## [Directions for this task]
Given the entries below, would you transcribe exactly the lines starting at the one with "Tato fontánka je" and ending at the one with "Bộ trưởng Bộ", both kept, pictures omitted, nothing extra?

## [Data supplied]

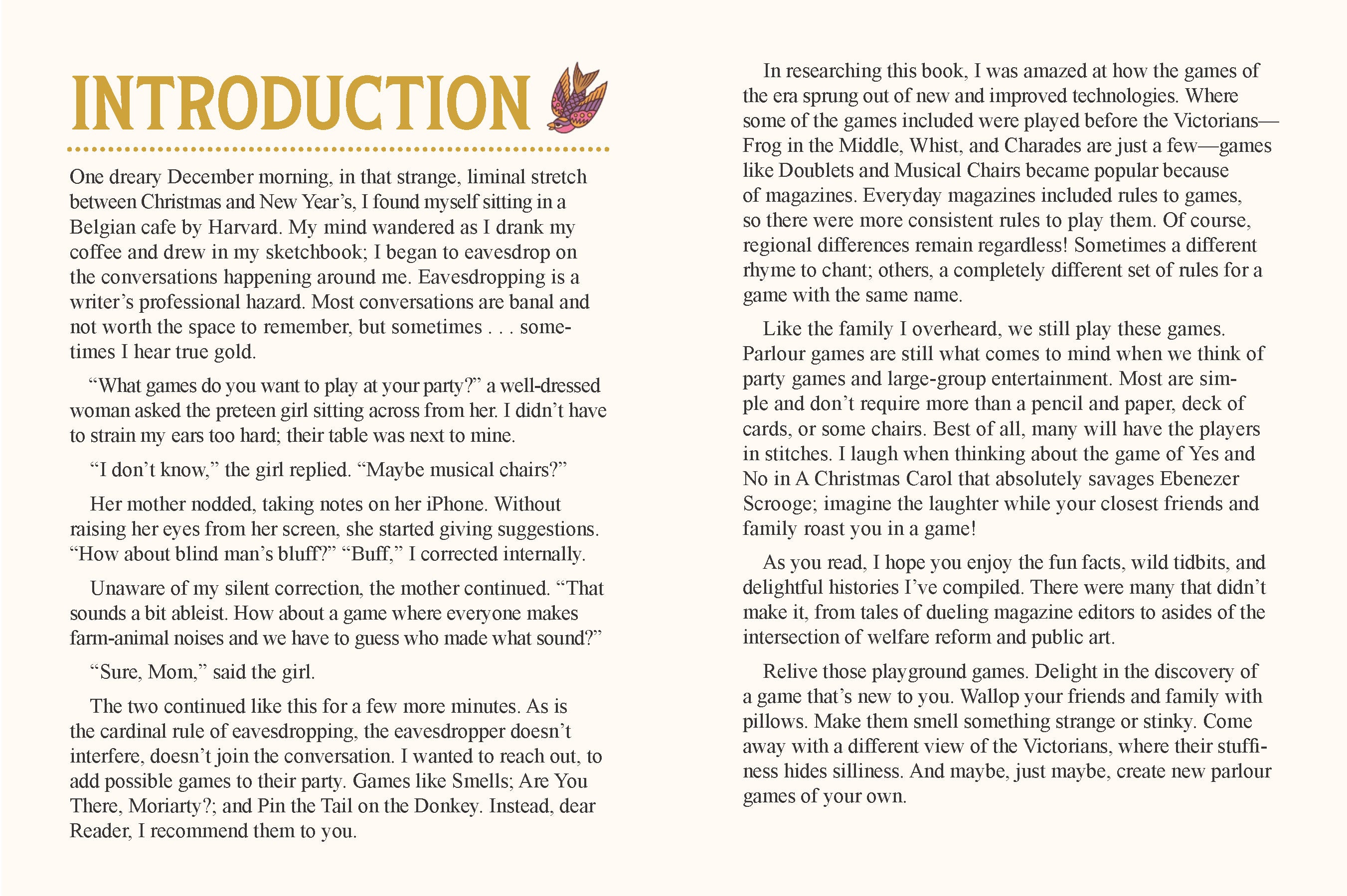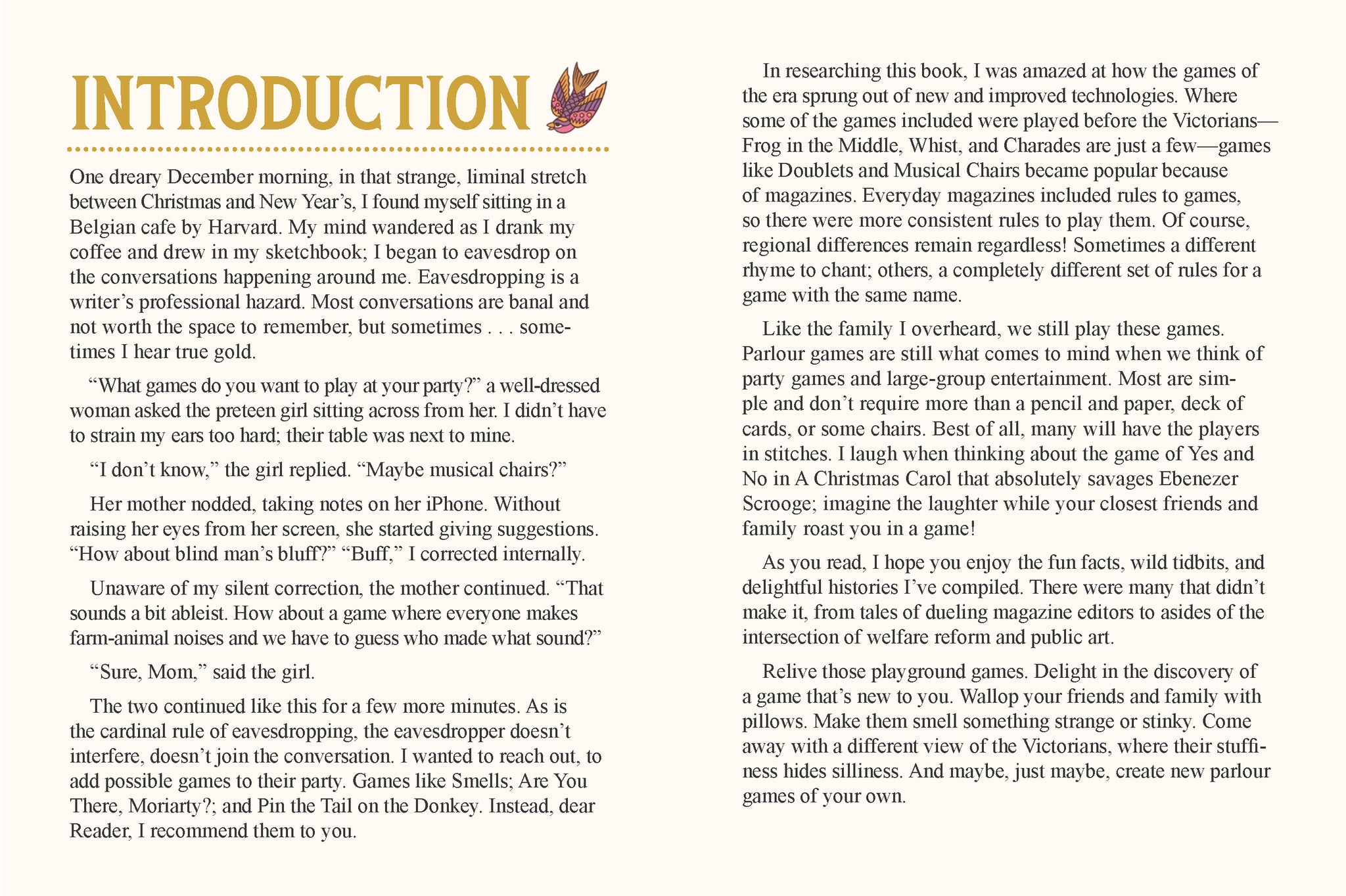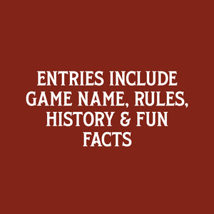 Each entry provides the original name of the game, any alternate names, the rules, and a brief history, complete with fun facts, notable connections (i.e., mentioned in a Charles Dickens novel, named after a Rudyard Kipling book, inspired by Sherlock Holmes, etc.), and what we call it today if the name has changed. Illustrations sprinkled throughout add to the fun and historical appeal of this unique game book, perfect for gifting or collecting.
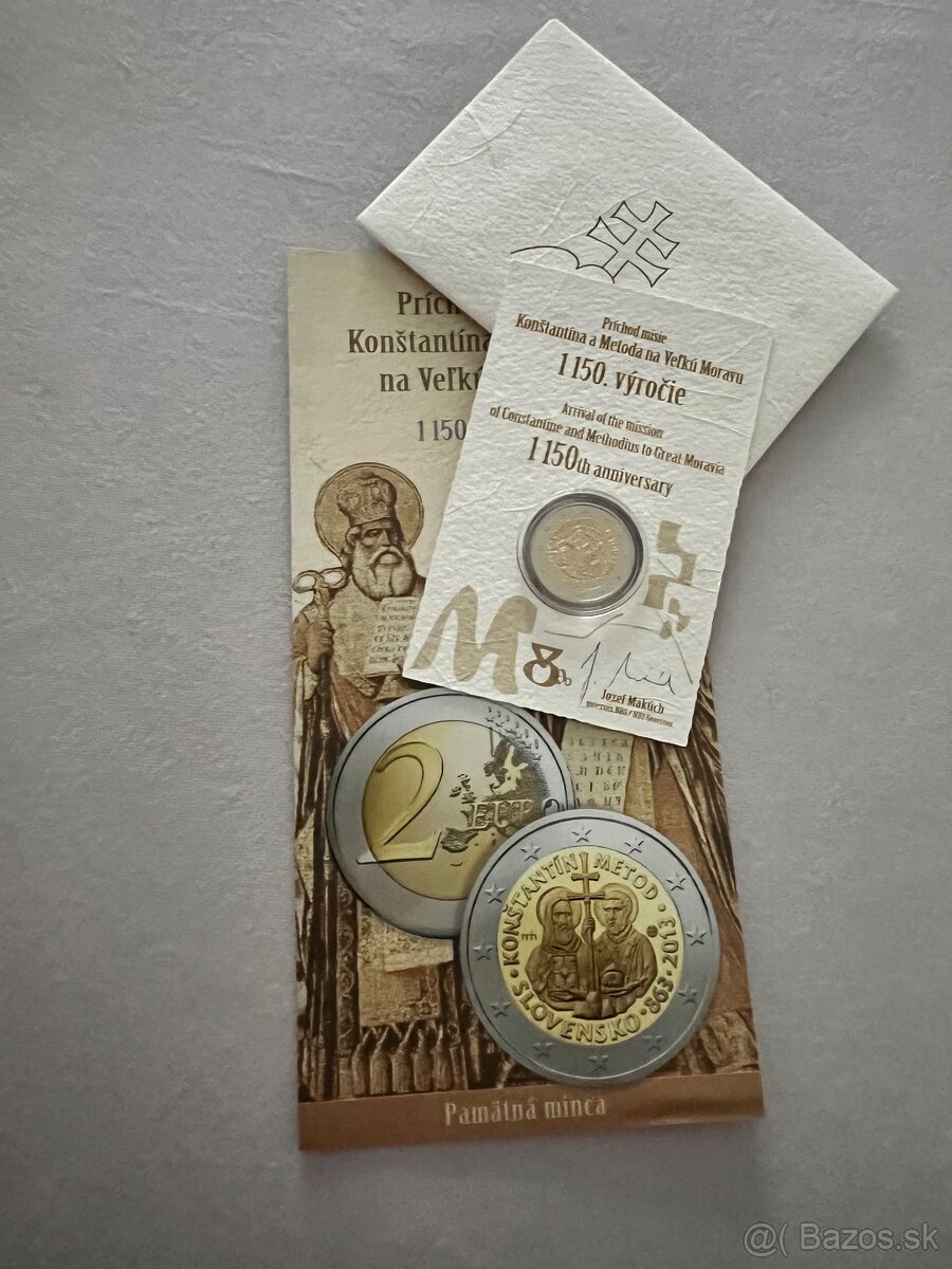 Predám slovenskú pamätnú 2€ mincu z roku 2013 Cyril a Metod v najvyššej kvalite proof.
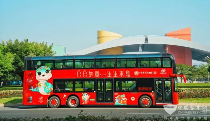 在临近除夕的喜庆氛围中,深圳福田花市迎来了一位特别的“新春使者”——创维双层巴士。这辆巴士以其独特的造型和央视春晚吉祥物“巳升升”的装饰,迅速吸引了众多市民的目光,为新春佳节增添了浓厚的喜庆气氛。
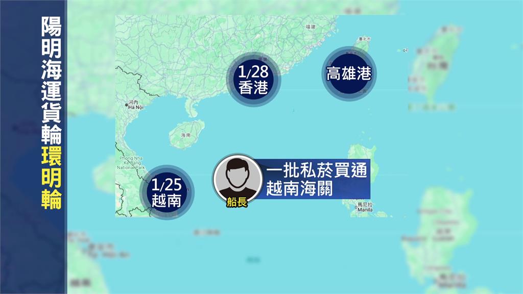 台灣大型海運公司陽明海運的貨櫃船被爆出走私毒品,初步了解,環明輪25號凌晨原定從越南停靠香港,再返回高雄港,但船長卻指揮運毒、走私大批海洛因,中間跳過停靠香港,29號深夜直接回到高雄港區。
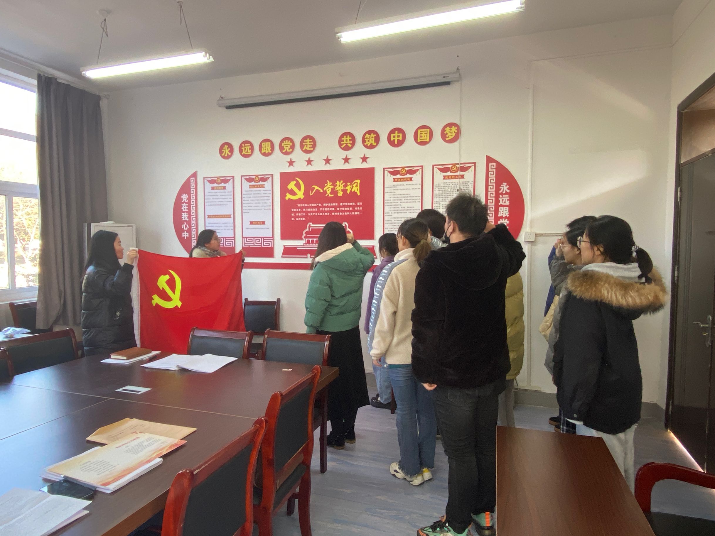随后,在党员活动室,为支部新发展的4名中共预备党员举行了入党宣誓仪式。孙圆圆带领新发展的中共预备党员面向党旗进行庄严宣誓,同时老党员也重温了入党誓词,回顾初心使命,进一步强化党员身份意识和责任意识。
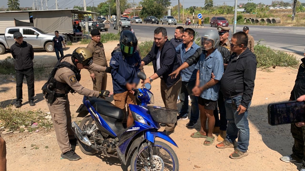 โดยเมื่อมาถึงที่เกิดเหตุได้นำตัวคนร้ายลงมาจากรถทีละคน แล้วนำมาขึ้นคร่อมรถจักรยานยนต์ มีนายมินส่อโซ ไม่มีนามสกุล อายุ 23 ปี เป็นคนขับและนายหน่ายลินอ่อง ไม่มีนามสกุล อายุ 21 ปี มือยิงตำรวจ เป็นคนซ้อน
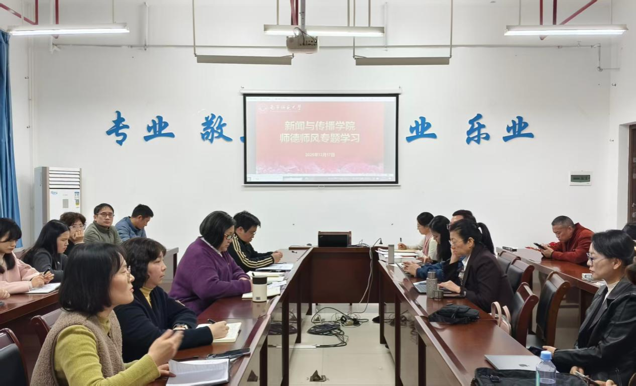 12月17日下午,新闻与传播学院在理综304会议室召开师德师风专题学习会议。学院党委书记聂卉主持会议,学院领导班子和全体教师参加学习。
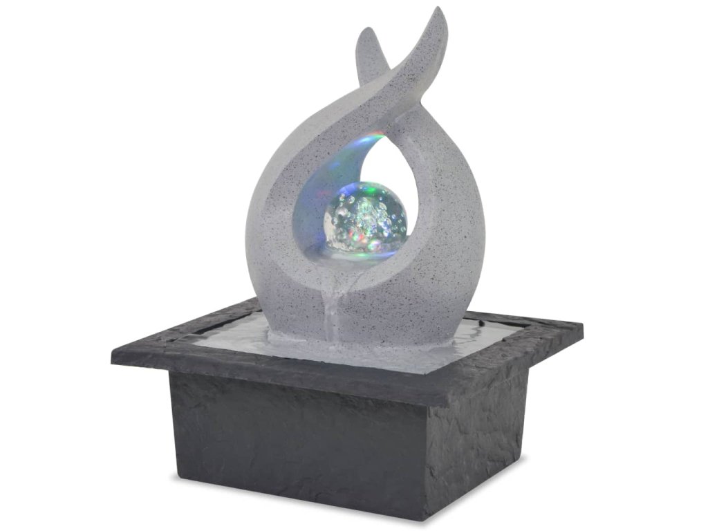 Tato fontánka je vyrobena z polyresinu. Její kaskády jsou osvětleny LED světly, což vytváří ohromující efekt, a to zejména za tmy. Tryská z ní hned několik proudů vody. Jejich zvuk vytváří klidnou, meditativní atmosféru, která je ideální pro relaxaci. Součástí balení je i kvalitní pumpa, díky které je fontána bezpečná a správně funguje.
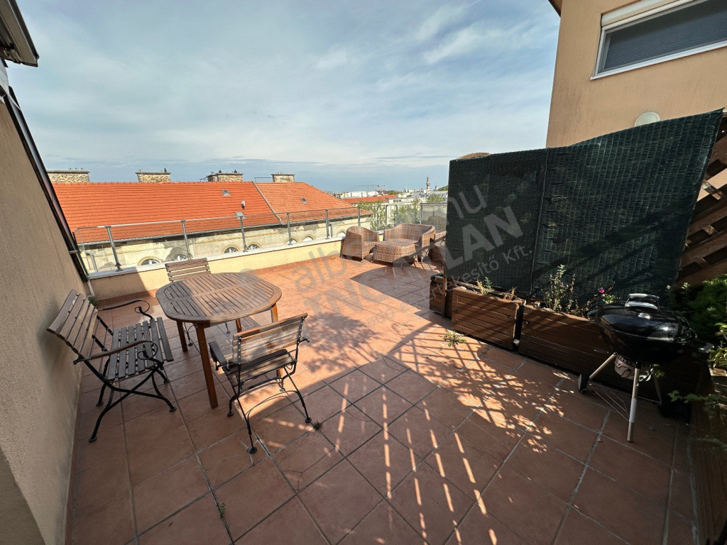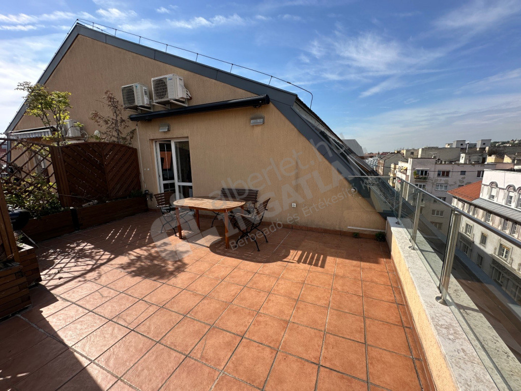 Kinizsi utcában penthouse jellegű, nagy teraszos, két hálószobás lakás kiadó.
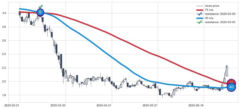 下跌趋势2020-02-21-2020-07-06,均线40, 75确认关键阻力1处
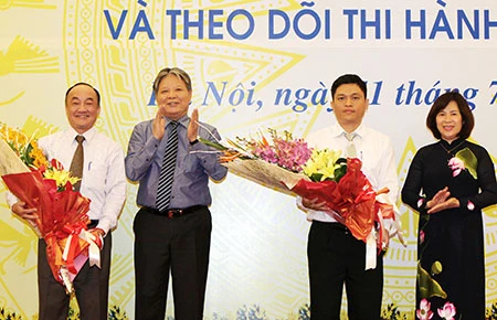Bộ trưởng Bộ Tư pháp Hà Hùng Cường trao quyết định bổ nhiệm và tặng hoa cho lãnh đạo Cục Quản lý xử lý vi phạm hành chính và Theo dõi thi hành pháp luật. Ảnh: TTXVN
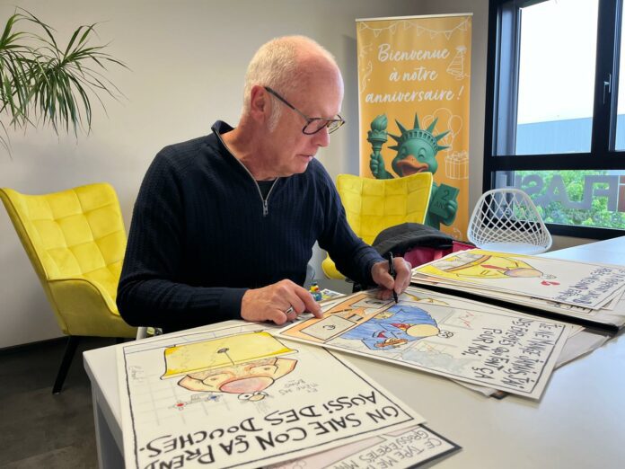 À partir de là, ces collaborations ont diminué. Toutefois, il continue d’exposer. Il a notamment fait le festival de BD et de vins, Bulles en raisin. « Je dessine aussi pour Amnesty International et pour une revue automobile », ajoute l’artiste de 64 ans.
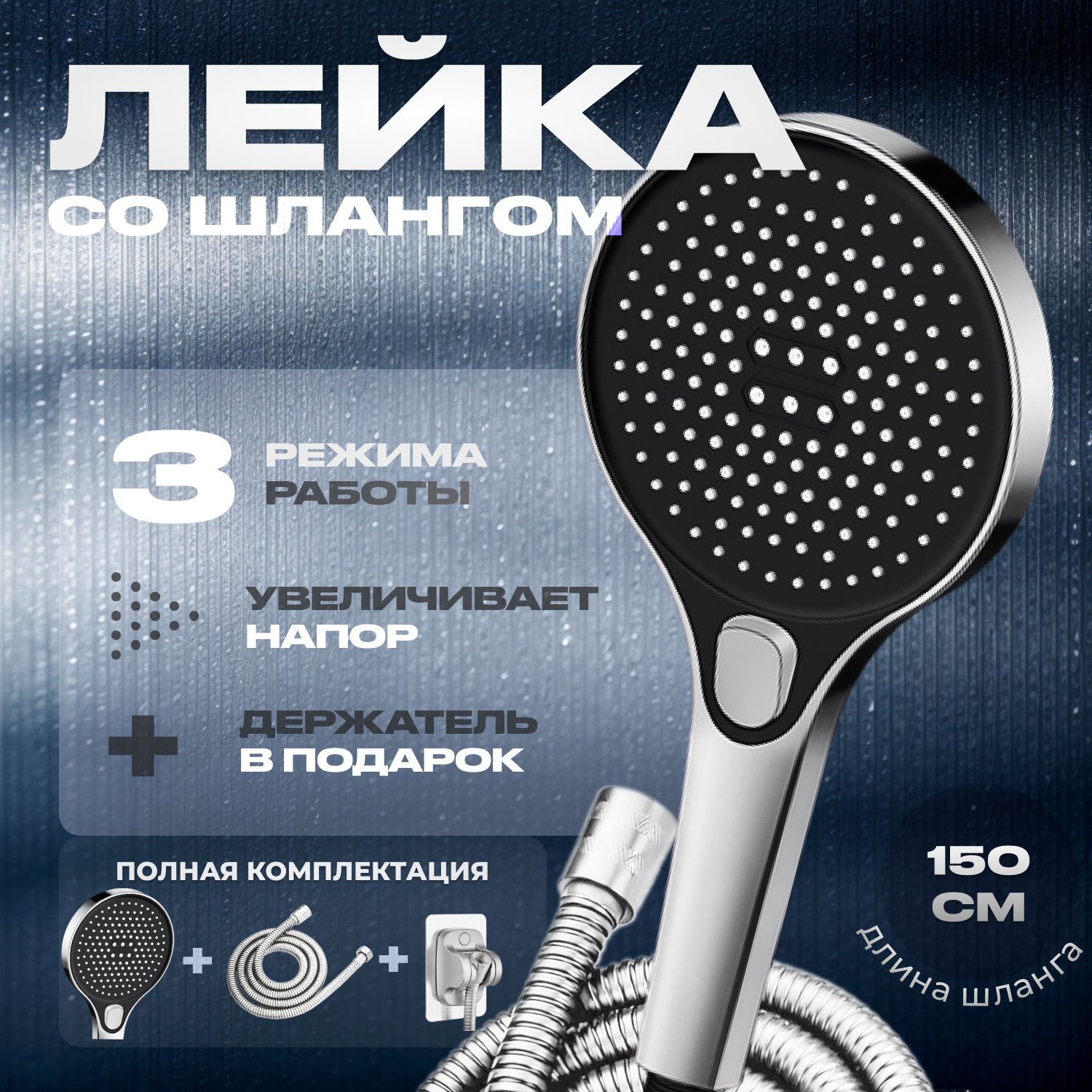 Лейка для душа со шлангом 1,5 м водосберегающая, 3 режима, держатель для лейки, душевой комплект серебристый интересное:
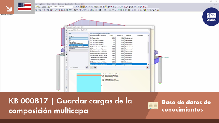 In der Mehrschichtaufbau-Bibliothek sind bereits einige Fußboden- und Dachaufbauten enthalten. Sin embargo, esta biblioteca se puede editar y ampliar según se desee. Damit sie nicht von jedem Mitarbeiter in einer Firma neu angelegt werden muss, besteht die Möglichkeit, die Datei, in welche benutzerdefinierte Aufbauten gespeichert werden, auch auf andere Rechner zu verteilen. Dazu muss die Datei "MultiLayer_User.db3" in das gleiche Verzeichnis für die Mehrschichtaufbau-Bibliothek auf dem neuen Rechner kopiert werden. Überprüfen kann man dies, indem man in den "Programmoptionen" die jeweiligen Datenbank-Verzeichnisse anzeigt.

## [Response area]
 Tato fontánka je vyrobena z polyresinu. Její kaskády jsou osvětleny LED světly, což vytváří ohromující efekt, a to zejména za tmy. Tryská z ní hned několik proudů vody. Jejich zvuk vytváří klidnou, meditativní atmosféru, která je ideální pro relaxaci. Součástí balení je i kvalitní pumpa, díky které je fontána bezpečná a správně funguje.
 Kinizsi utcában penthouse jellegű, nagy teraszos, két hálószobás lakás kiadó.
 下跌趋势2020-02-21-2020-07-06,均线40, 75确认关键阻力1处
Bộ trưởng Bộ Tư pháp Hà Hùng Cường trao quyết định bổ nhiệm và tặng hoa cho lãnh đạo Cục Quản lý xử lý vi phạm hành chính và Theo dõi thi hành pháp luật. Ảnh: TTXVN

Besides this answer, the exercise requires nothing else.